## AIM OF THE TASK
Would you please repeat, word for word, only the lines from the one holding "And in 1970, Guy" through the one holding "A circuit offers" in the material below, without the pictures?

## EXCERPTED RECORDS
--

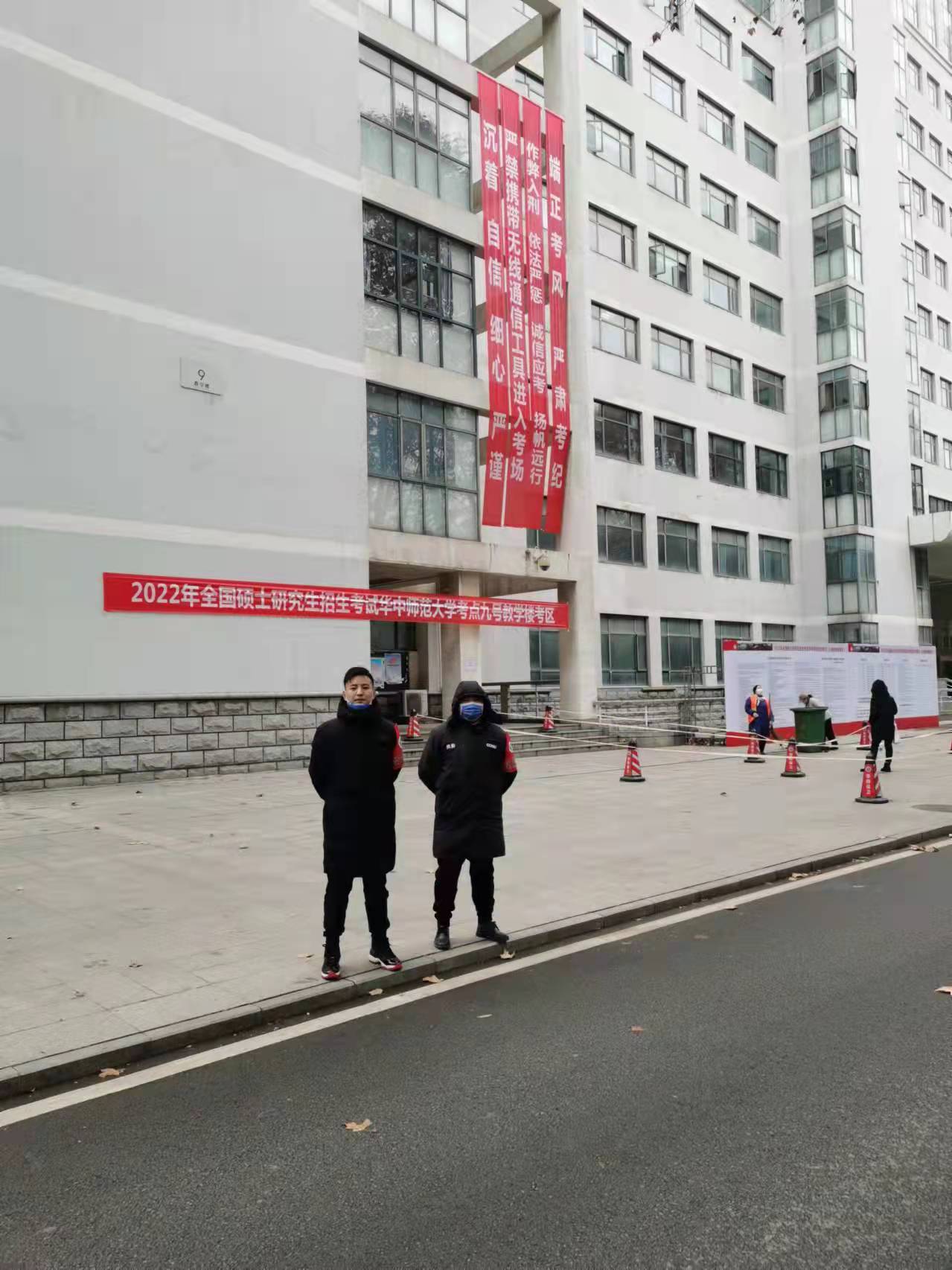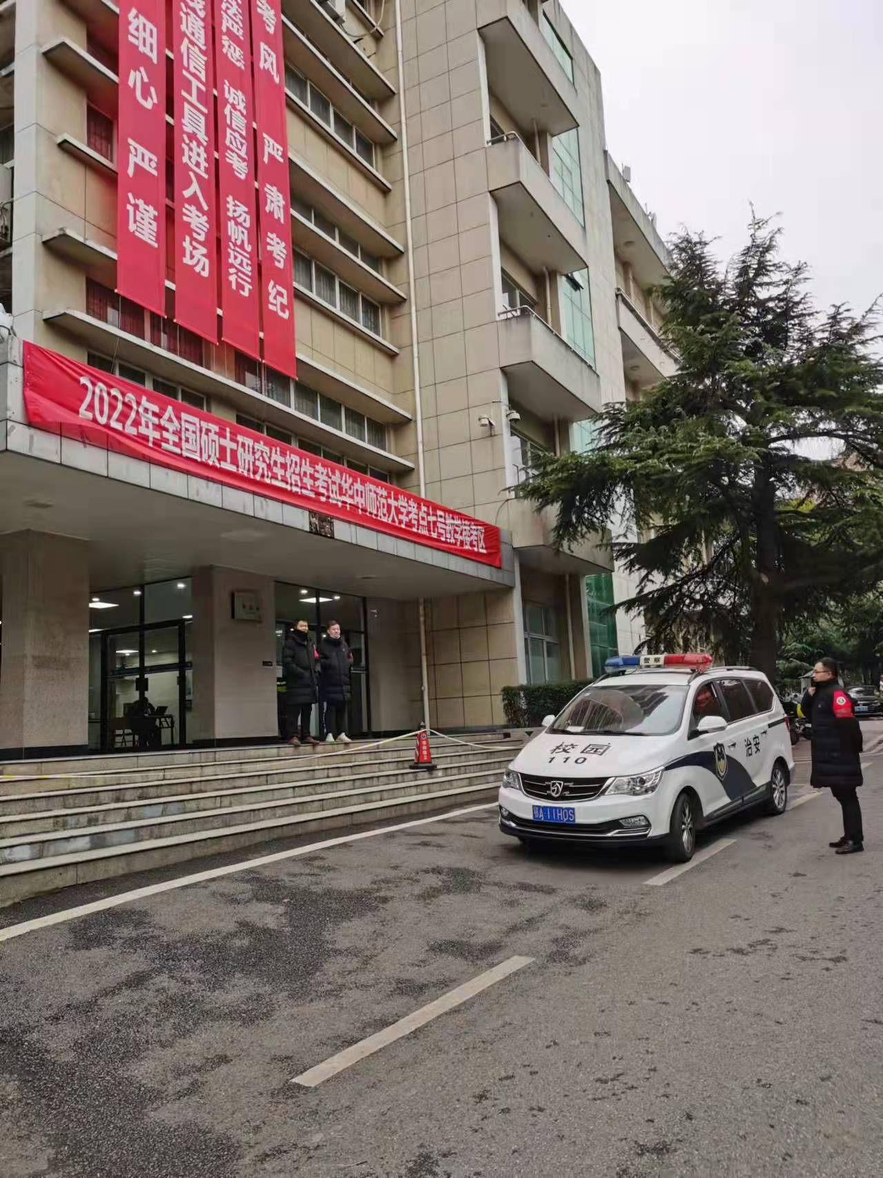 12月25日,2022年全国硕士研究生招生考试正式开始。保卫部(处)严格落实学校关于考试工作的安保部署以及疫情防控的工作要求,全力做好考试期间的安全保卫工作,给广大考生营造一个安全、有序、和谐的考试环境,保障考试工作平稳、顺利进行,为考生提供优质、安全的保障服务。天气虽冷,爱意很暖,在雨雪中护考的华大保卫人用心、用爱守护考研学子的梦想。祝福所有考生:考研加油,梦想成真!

--

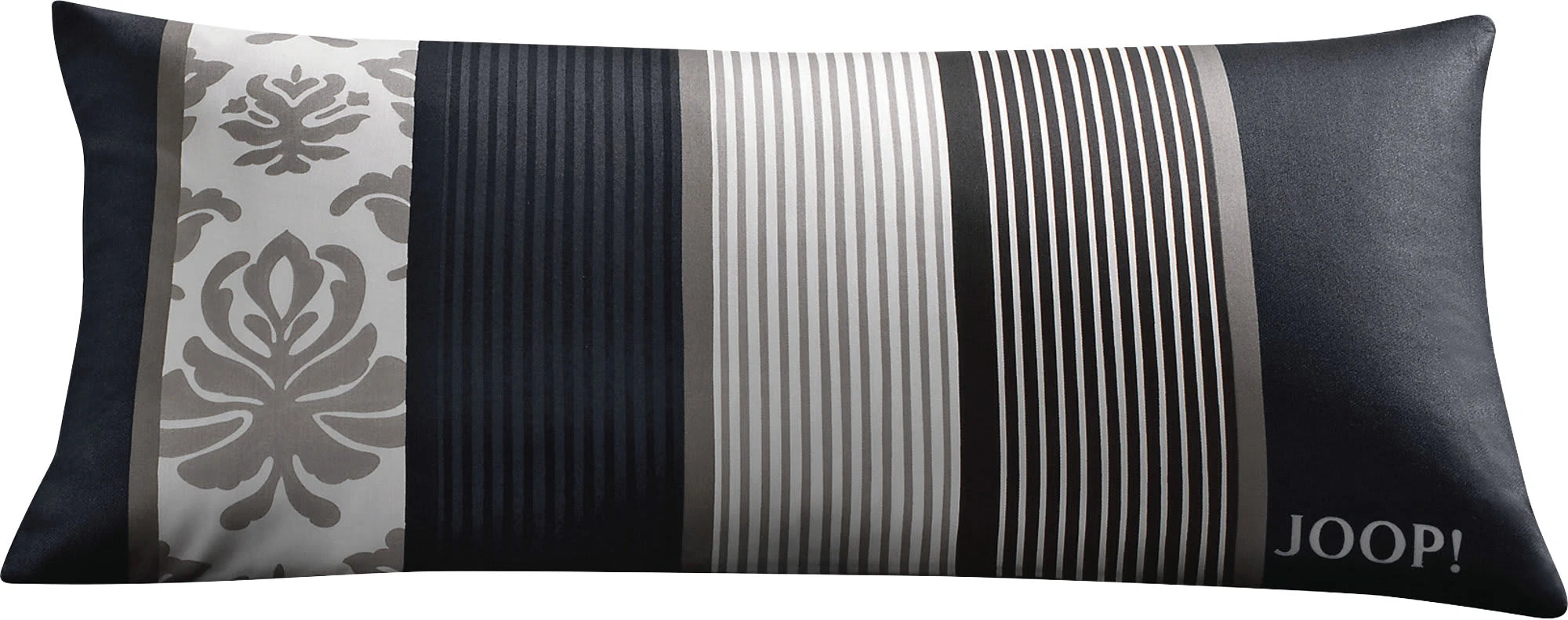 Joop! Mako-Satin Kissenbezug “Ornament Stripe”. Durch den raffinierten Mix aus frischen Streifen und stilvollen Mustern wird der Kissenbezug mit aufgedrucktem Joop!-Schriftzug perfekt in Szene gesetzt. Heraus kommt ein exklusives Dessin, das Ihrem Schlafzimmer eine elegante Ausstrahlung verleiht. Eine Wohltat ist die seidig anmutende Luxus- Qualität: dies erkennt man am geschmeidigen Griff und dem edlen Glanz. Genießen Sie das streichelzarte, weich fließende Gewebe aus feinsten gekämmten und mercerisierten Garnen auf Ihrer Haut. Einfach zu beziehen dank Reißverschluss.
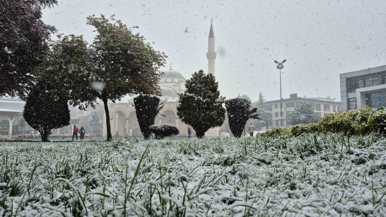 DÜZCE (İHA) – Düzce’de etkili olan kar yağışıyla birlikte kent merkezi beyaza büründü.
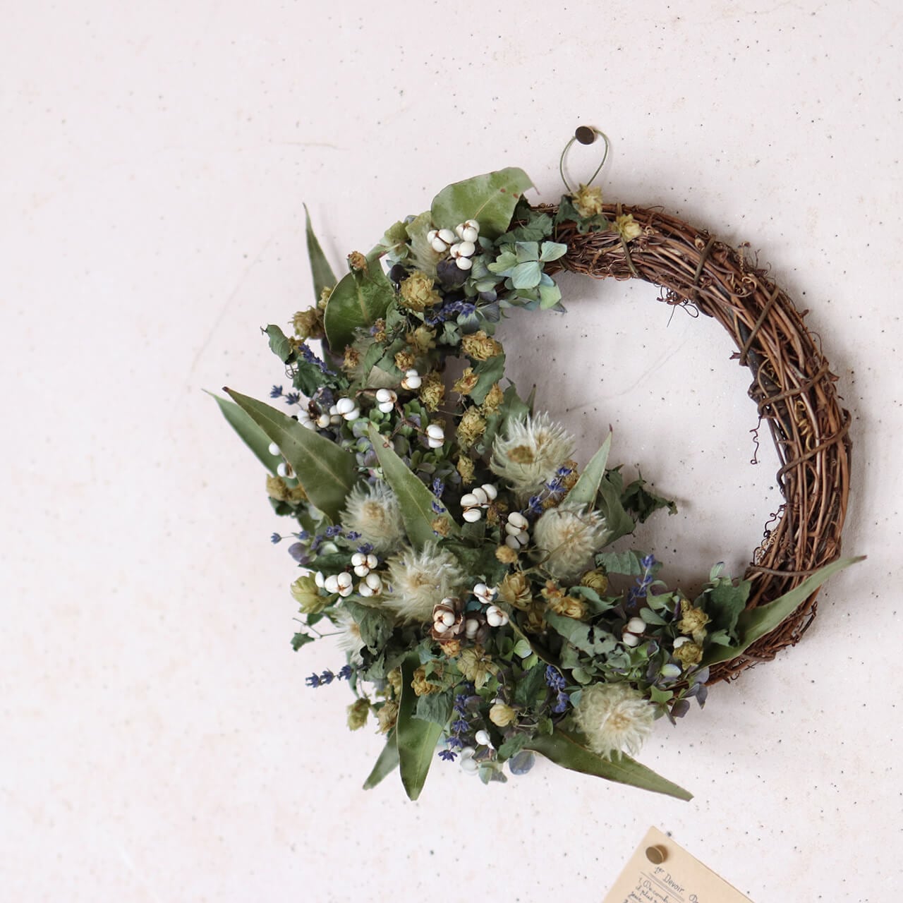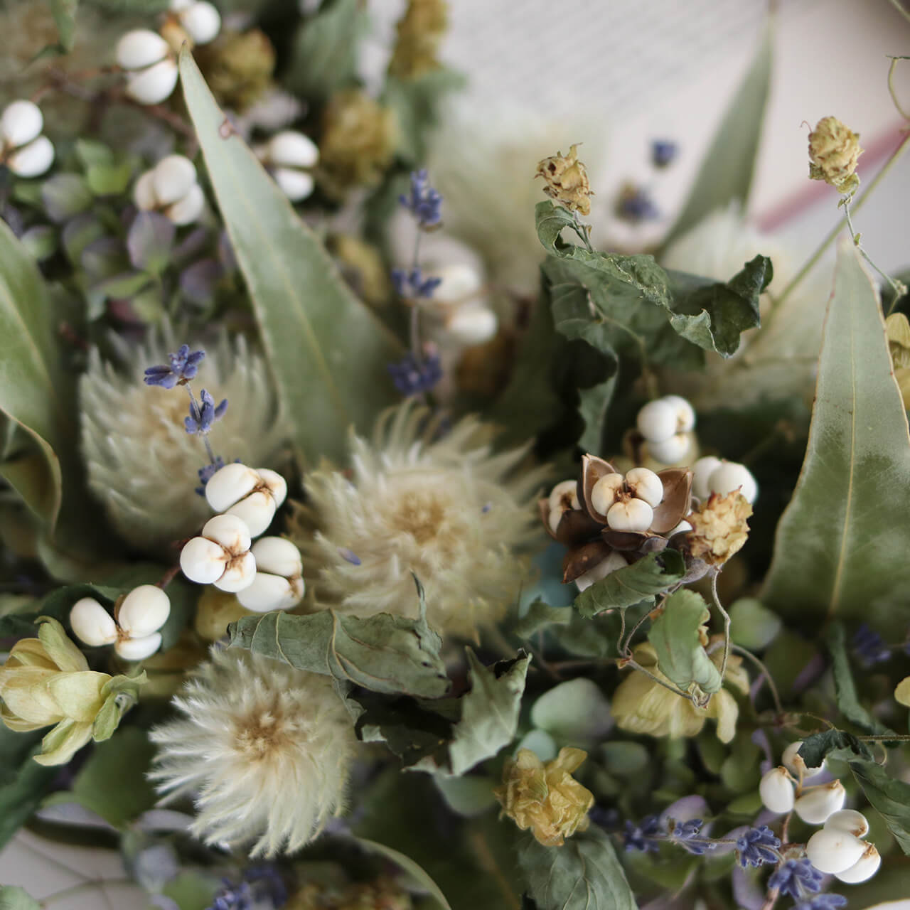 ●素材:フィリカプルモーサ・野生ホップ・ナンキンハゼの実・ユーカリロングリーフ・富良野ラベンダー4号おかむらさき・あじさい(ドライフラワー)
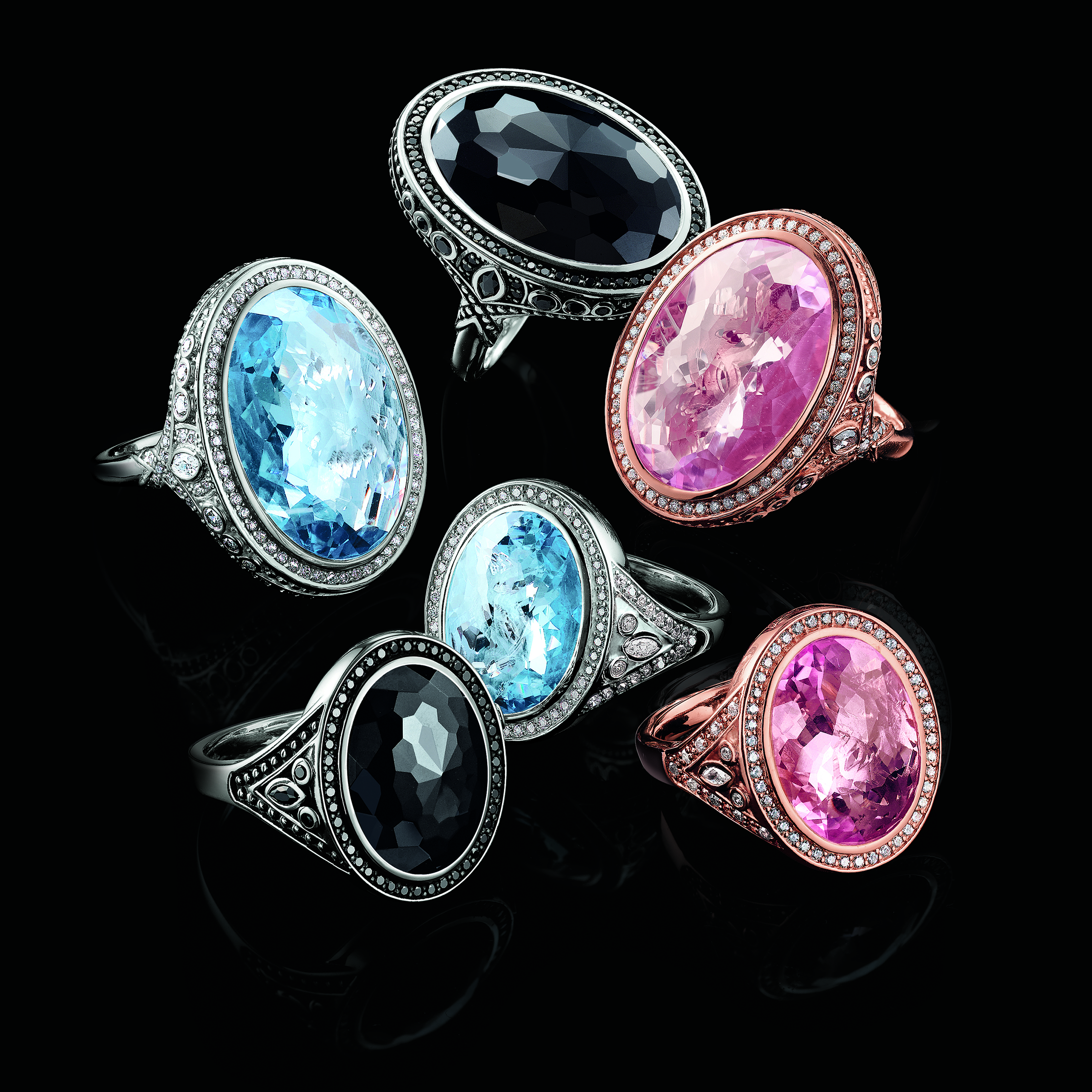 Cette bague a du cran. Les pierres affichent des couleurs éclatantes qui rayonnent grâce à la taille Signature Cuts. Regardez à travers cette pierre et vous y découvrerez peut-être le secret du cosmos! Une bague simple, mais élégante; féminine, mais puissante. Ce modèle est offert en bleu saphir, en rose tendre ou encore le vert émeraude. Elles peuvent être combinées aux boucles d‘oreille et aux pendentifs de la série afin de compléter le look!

--

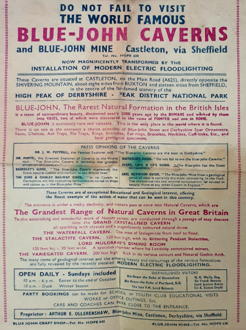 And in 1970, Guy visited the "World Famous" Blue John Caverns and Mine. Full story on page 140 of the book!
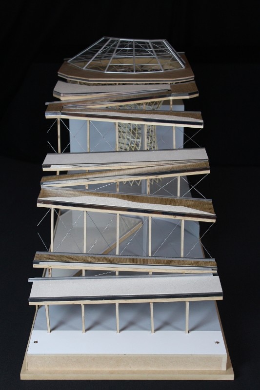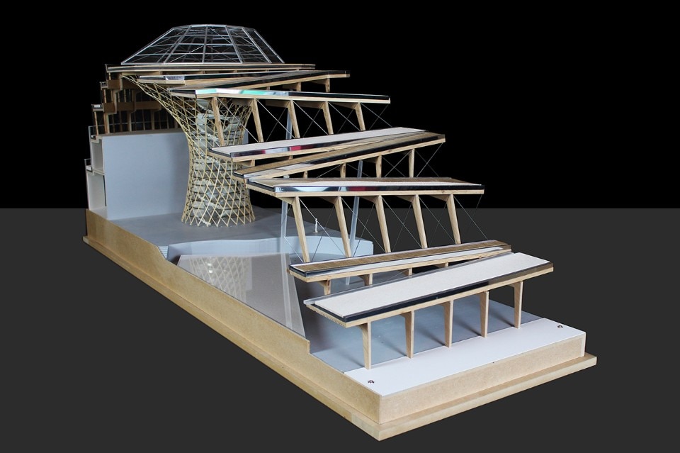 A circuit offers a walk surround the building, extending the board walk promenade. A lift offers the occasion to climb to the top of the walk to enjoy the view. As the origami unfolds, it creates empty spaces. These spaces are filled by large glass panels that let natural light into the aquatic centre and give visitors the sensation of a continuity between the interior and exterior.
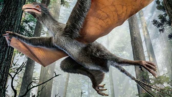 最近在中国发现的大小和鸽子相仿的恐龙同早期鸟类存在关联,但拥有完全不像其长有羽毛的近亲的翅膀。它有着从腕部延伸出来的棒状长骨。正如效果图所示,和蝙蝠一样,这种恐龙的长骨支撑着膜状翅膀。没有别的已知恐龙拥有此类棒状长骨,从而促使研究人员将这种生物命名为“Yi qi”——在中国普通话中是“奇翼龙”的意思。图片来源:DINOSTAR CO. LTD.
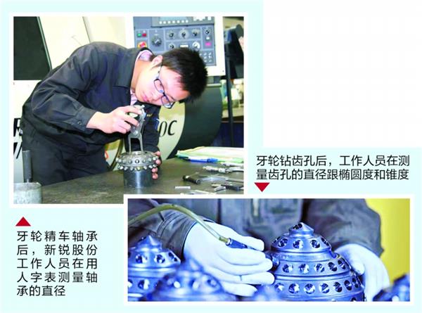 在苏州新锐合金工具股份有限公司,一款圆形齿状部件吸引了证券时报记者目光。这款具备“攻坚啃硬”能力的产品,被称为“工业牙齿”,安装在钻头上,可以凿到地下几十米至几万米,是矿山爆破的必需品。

--

## TASK ANSWER
 And in 1970, Guy visited the "World Famous" Blue John Caverns and Mine. Full story on page 140 of the book!
 A circuit offers a walk surround the building, extending the board walk promenade. A lift offers the occasion to climb to the top of the walk to enjoy the view. As the origami unfolds, it creates empty spaces. These spaces are filled by large glass panels that let natural light into the aquatic centre and give visitors the sensation of a continuity between the interior and exterior.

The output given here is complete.